**Your task**
For this exercise, reproduce the entries below exactly, but only from the line containing "众所周知,《寻侠OL》中的家" through the line containing "plástica con superposición", both included.

**Exercise input**
/---

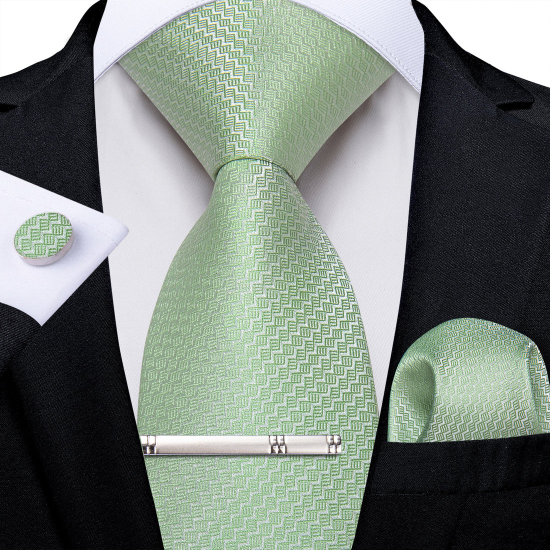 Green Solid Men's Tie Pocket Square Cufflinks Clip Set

\---
/---

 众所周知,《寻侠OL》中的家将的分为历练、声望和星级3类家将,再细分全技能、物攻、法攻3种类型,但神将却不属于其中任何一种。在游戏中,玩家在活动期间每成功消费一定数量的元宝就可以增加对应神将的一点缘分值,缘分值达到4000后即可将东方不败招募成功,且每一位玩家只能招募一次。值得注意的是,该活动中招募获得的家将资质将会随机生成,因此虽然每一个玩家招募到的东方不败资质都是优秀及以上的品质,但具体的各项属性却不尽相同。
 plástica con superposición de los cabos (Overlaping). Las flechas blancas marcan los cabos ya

\---

**Answer area**
 众所周知,《寻侠OL》中的家将的分为历练、声望和星级3类家将,再细分全技能、物攻、法攻3种类型,但神将却不属于其中任何一种。在游戏中,玩家在活动期间每成功消费一定数量的元宝就可以增加对应神将的一点缘分值,缘分值达到4000后即可将东方不败招募成功,且每一位玩家只能招募一次。值得注意的是,该活动中招募获得的家将资质将会随机生成,因此虽然每一个玩家招募到的东方不败资质都是优秀及以上的品质,但具体的各项属性却不尽相同。
 plástica con superposición de los cabos (Overlaping). Las flechas blancas marcan los cabos ya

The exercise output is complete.